Retrieving sensor and its last readings

Let's explore more the API that we already've seen in previous test.

t.Run("get last readings and sensor", func(t *testing.T) {
  tableName := "SensorsTable"
  db, cleanup := dynamo.SetupTable(t, ctx, tableName, "../template.yml")
  defer cleanup()
  manager := sensors.NewManager(db, tableName)
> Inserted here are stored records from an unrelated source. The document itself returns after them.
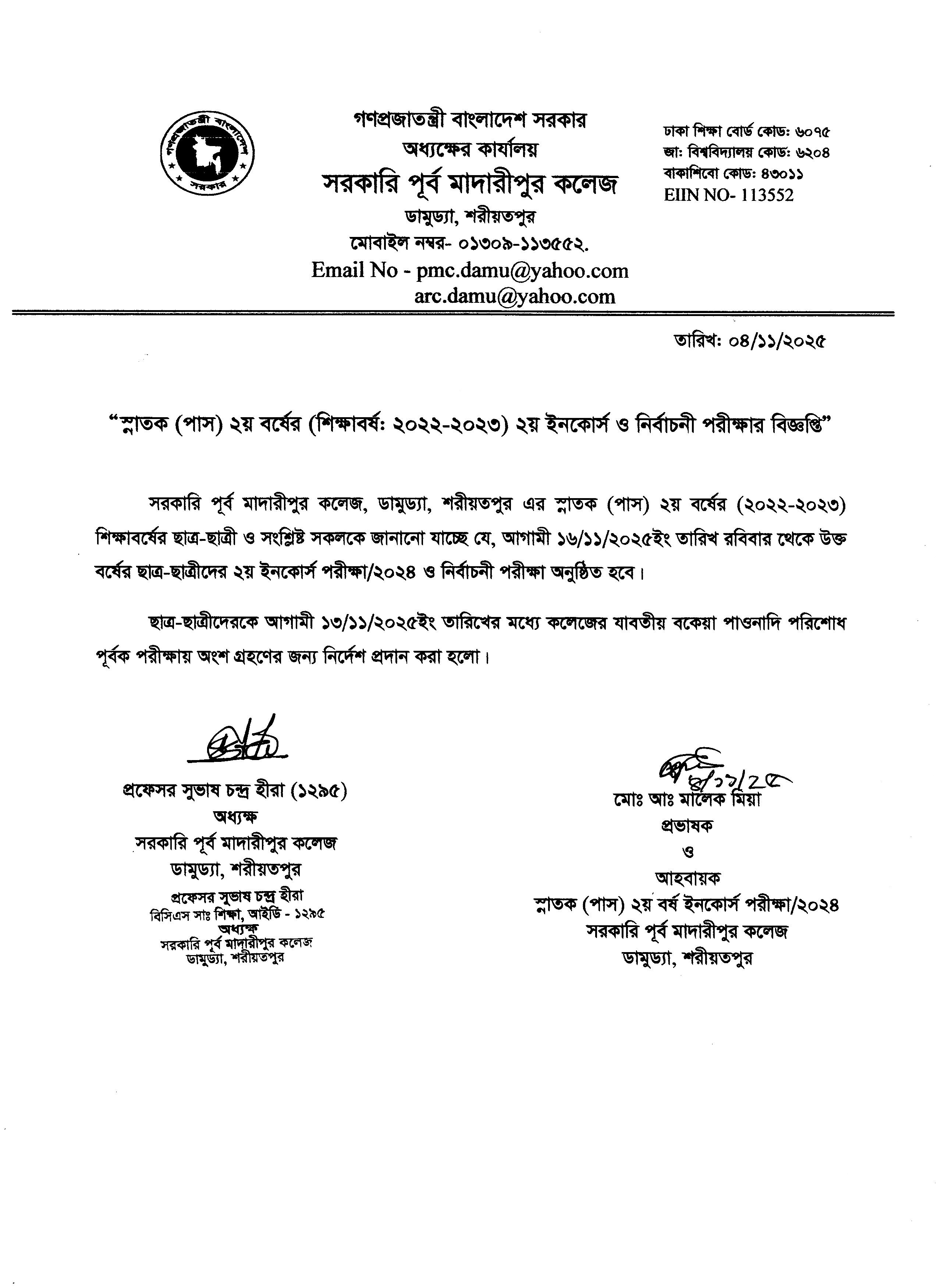ডিগ্রি (পাস) ২য় বর্ষের ইনকোর্স ও নির্বাচনী পরীক্ষার বিজ্ঞপ্তি |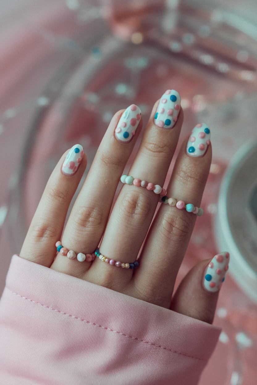 Just add tiny pastel dots over a clear or nude base for a soft, eye-catching detail.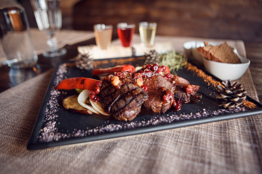 Меню у нас разнообразное и сбалансированное: в нем есть салаты с копченой грудкой фазана или оливье с чавычей и раковыми шейками, дикий северный муксун и мякоть косули с гарниром из томленой гречи. Мир дичи богат и разнообразен, с естественными вкусами можно играть бесконечно, а никакие ароматизаторы, усилители вкуса и агрессивные специи мы не используем принципиально. Для любителей сладкого мы предлагаем широкий выбор любимых десертов, домашнего варенья и сорбетов.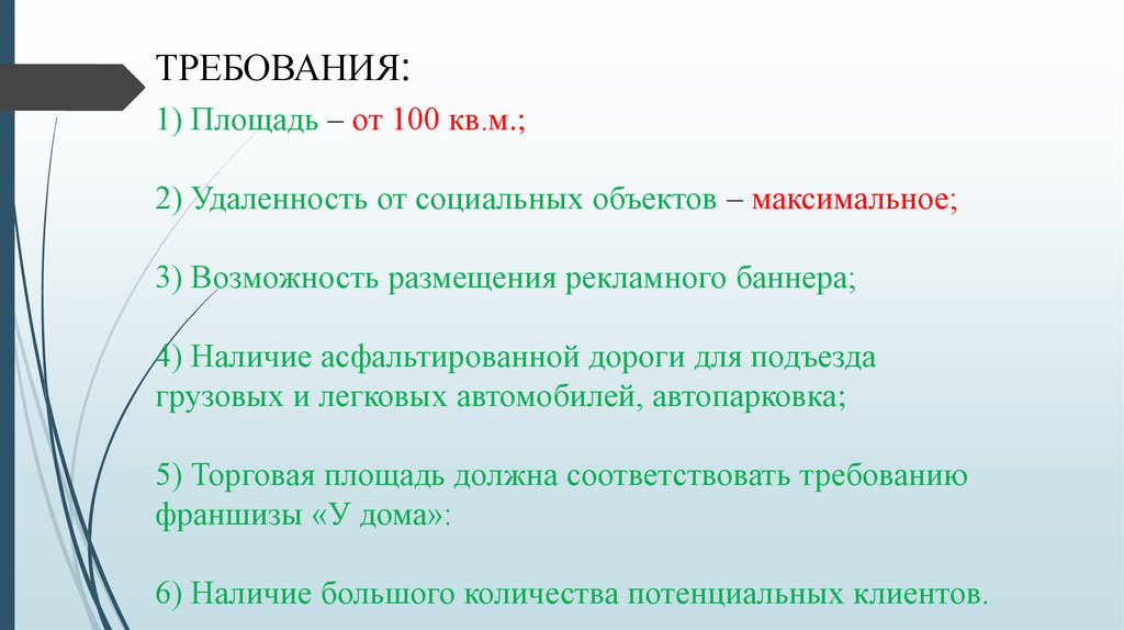 5) Торговая площадь должна соответствовать требованию

  err := manager.Register(ctx, sensor)

  assert.NoError(t, err)

  err = manager.SaveReading(ctx, sensors.Reading{SensorID: "sensor-1", Value: "0.3", ReadAt: time.Now().Add(-20 * time.Second)})
  assert.NoError(t, err)
  err = manager.SaveReading(ctx, sensors.Reading{SensorID: "sensor-1", Value: "0.5", ReadAt: time.Now().Add(-10 * time.Second)})
  assert.NoError(t, err)
  err = manager.SaveReading(ctx, sensors.Reading{SensorID: "sensor-1", Value: "0.67", ReadAt: time.Now()})
  assert.NoError(t, err)

  sensor, latest, err := manager.LatestReadings(ctx, "sensor-1", 2)
  assert.NoError(t, err)
  assert.Len(t, latest, 2)
  assert.Equal(t, "0.67", latest[0].Value)
  assert.Equal(t, "0.5", latest[1].Value)
  assert.Equal(t, "sensor-1", sensor.ID)
})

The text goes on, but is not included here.